Kimi canlılar vardır. Yaşarken şansları yoktur. Keyif ve mutluluk nedir, bilmezler. Kimi canlılar vardır. Yaşarken şansları çoktur. Üzüntü ve mutsuzluk nedir bilmezler. Bu iki yaşam arasındaki farklılık, madalyonun iki yüzü gibidir. Biri bir yüzü, diğeri öbür yüzüdür...
Birbirini tamamlar. Kuralın parçalarıdırlar. Bütün canlı varlıklar için, bu kural asla değişmez. İnsanlar için de öyle.
Ancak: İnsanlar, bu iki farklı yaşam biçimini, daha yoğun hissederler ve beyinleri aracılığıyla, değerlendirirler. Duyguları ile yorumlayıp, etki ve tepki şeklinde açığa vururlar.

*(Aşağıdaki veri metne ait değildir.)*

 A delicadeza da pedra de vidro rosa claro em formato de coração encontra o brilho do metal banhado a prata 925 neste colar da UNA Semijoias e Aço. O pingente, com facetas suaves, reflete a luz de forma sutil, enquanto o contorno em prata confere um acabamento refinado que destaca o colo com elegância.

Faydalı aksiyon içerisinde olabildikleri gibi, zararlı reaksiyon da üretirler. Kıskançlık gibi...
Haset gibi. Kin ve nefret gibi. Öfke gibi. Kavga, cinayet, kötülük ve savaş gibi...
Bencillik gibi...
Oysa: Yaşamın varlık sisteminde, olması gereken denge, şans ve şanssızlık, mutluluk ve mutsuzluk, üzerine kurulmuştur. Bunu tüm canlıların kabul etmesi, zorunludur. Gece ile gündüz gibi, ya da, karanlıkla aydınlık gibi, birbiriyle taban tabana zıt oldukları halde, birbirlerinden ayrılmaz iki parçadırlar. Biri olmazsa, diğeri de olamaz.

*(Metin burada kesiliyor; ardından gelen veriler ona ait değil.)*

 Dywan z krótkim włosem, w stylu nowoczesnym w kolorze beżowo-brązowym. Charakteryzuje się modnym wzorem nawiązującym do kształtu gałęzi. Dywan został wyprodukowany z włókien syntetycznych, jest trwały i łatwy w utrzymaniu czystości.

Yani, birbirlerine muhtaçtırlar. Bir başka ifade ile: Kazanmanın ve mutlu olmanın varlık koşulu, kaybetmek ve mutsuzluk yolunda gizlidir. Ekolojideki doğa olayları, canlılar arasındaki mücadele, menfaat ilişkilerindeki gelişmeler, anlatmaya çalıştığım bu tezin ve felsefenin, somut göstergeli örnekleridir. İyi ile kötünün, şanslı ile şanssızın, mutlu ile mutsuzun, kazanan ile kaybedenin, ayni gezegende bulunduğunu, dengesel anlamda, birbirlerinin ayrılmaz parçaları olduğunu, her iki olgunun da, ilahi gücün takdiriyle, meydana geldiğini, kabul etmek, gerekir...
Zaten: Yaşadığımız gezegendeki, insan ağırlıklı tüm aksiyonlar, eko sistemde, canlılar arasında oluşan, var olma mücadeleleri, "yaşamda, değişmeyen kural!.."ın, açık biçimdeki kanıtı ve göstergesidir...
SEN DE DÜŞÜNCELERİNİ PAYLAŞ!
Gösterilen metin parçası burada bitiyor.